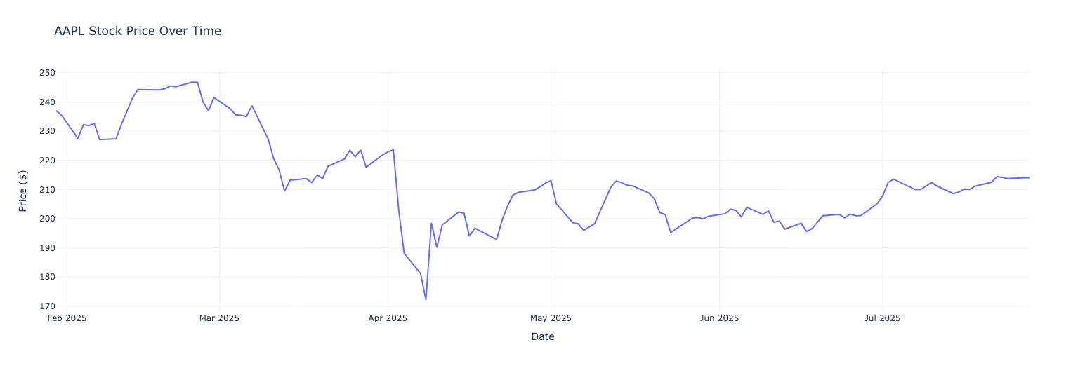 result2 = process_stock_query("Show me Apple's stock price for the last 6 months", plot_chart=True)
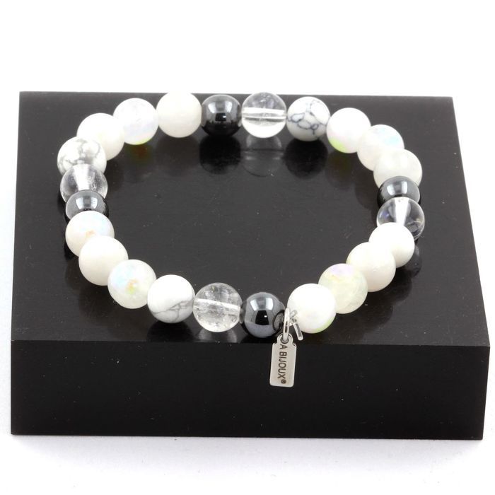 Pierres et Minéraux. Bracelet Perles Hématite + Quartz + Pierre de lune + Howlite 8 mm. Fabriqué en France.
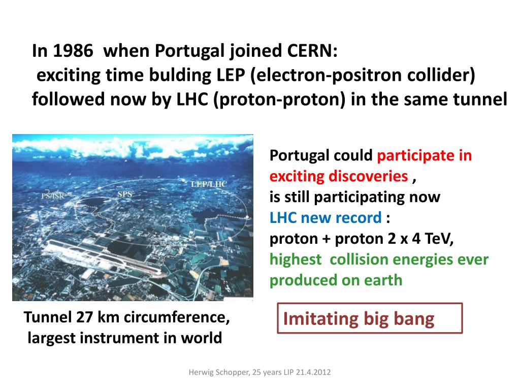 In 1986 when Portugal joined CERN:exciting time bulding LEP (electron-positron collider)followednowby LHC (proton-proton) in the same tunnel Portugal couldparticipate in excitingdiscoveries,is still participatingnowLHC newrecord: proton + proton 2 x 4 TeV, highestcollisionenergieseverproduced on earth Imitating big bang Tunnel 27 km circumference, largest instrument in world Herwig Schopper, 25 years LIP 21.4.2012
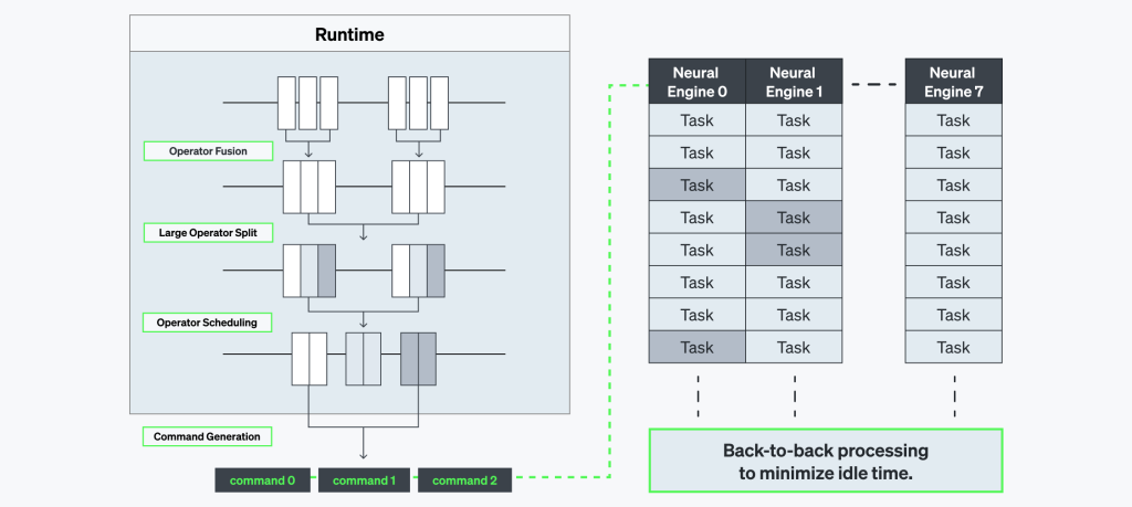 - Tiling: The split operations are further divided across the Neural Engines to achieve the most efficient performance.
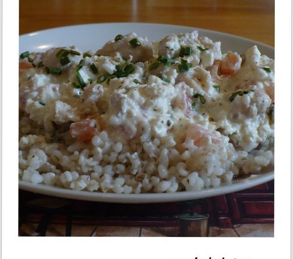Niedawno wymyśliłam taką wariację na danie z gotowanego mięsaSkładniki na 2-3 porcje:25-30 dag piersi z indyka lub kurczaka500ml bulionu mięsnego (może byćz kostki)łyżka masłaszklanka śmietany 18%25 dag twarogu wiejskiego light (np. Piątnica)1 średni pomidorgarść ziaren słonecznikasól, pieprz, majeranekszczypiorekMięso, po umyciu i osuszeniu, pokroiłam w kostkę. Gotowałam 15 minut w bulionie mięsnym.W tym czasie rozgrzałam na patelni łyżkę masła, po czym powoli dolałam śmietanę, cały czas mieszając. Podgrzewałam na wolnym ogniu. Gdy była już wystarczająco ciepła, ale jeszcze przed zagotowaniem, zdjęłam z ognia. Dodałam twaróg i doprawiłam przyprawami.Pomidor po sparzeniu obrałam ze skórki i pokroiłam w drobną kostkę. Dodałam do masy śmietanowo-twarogowej wraz ze słonecznikiem. Dokładnie wymieszałam, dodałam ugotowane mięso i posypałam szczypiorkiem.Podałam z kaszą jęczmienną polaną tą drobiową potrawką.
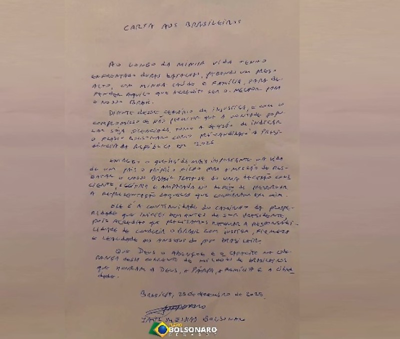 Flávio explicou que a carta foi escrita pelo pai no dia 23, quando ele estava na Superintendência da Polícia Federal, em Brasília, onde permanece preso desde novembro. A decisão é apresentada como consciente e amparada pelo compromisso com a “vontade popular”.
___
What you will do:
Give back each line above exactly, with pictures dropped.

Exercise result:
 result2 = process_stock_query("Show me Apple's stock price for the last 6 months", plot_chart=True)
 Pierres et Minéraux. Bracelet Perles Hématite + Quartz + Pierre de lune + Howlite 8 mm. Fabriqué en France.
 In 1986 when Portugal joined CERN:exciting time bulding LEP (electron-positron collider)followednowby LHC (proton-proton) in the same tunnel Portugal couldparticipate in excitingdiscoveries,is still participatingnowLHC newrecord: proton + proton 2 x 4 TeV, highestcollisionenergieseverproduced on earth Imitating big bang Tunnel 27 km circumference, largest instrument in world Herwig Schopper, 25 years LIP 21.4.2012
 - Tiling: The split operations are further divided across the Neural Engines to achieve the most efficient performance.
Niedawno wymyśliłam taką wariację na danie z gotowanego mięsaSkładniki na 2-3 porcje:25-30 dag piersi z indyka lub kurczaka500ml bulionu mięsnego (może byćz kostki)łyżka masłaszklanka śmietany 18%25 dag twarogu wiejskiego light (np. Piątnica)1 średni pomidorgarść ziaren słonecznikasól, pieprz, majeranekszczypiorekMięso, po umyciu i osuszeniu, pokroiłam w kostkę. Gotowałam 15 minut w bulionie mięsnym.W tym czasie rozgrzałam na patelni łyżkę masła, po czym powoli dolałam śmietanę, cały czas mieszając. Podgrzewałam na wolnym ogniu. Gdy była już wystarczająco ciepła, ale jeszcze przed zagotowaniem, zdjęłam z ognia. Dodałam twaróg i doprawiłam przyprawami.Pomidor po sparzeniu obrałam ze skórki i pokroiłam w drobną kostkę. Dodałam do masy śmietanowo-twarogowej wraz ze słonecznikiem. Dokładnie wymieszałam, dodałam ugotowane mięso i posypałam szczypiorkiem.Podałam z kaszą jęczmienną polaną tą drobiową potrawką.
 Flávio explicou que a carta foi escrita pelo pai no dia 23, quando ele estava na Superintendência da Polícia Federal, em Brasília, onde permanece preso desde novembro. A decisão é apresentada como consciente e amparada pelo compromisso com a “vontade popular”.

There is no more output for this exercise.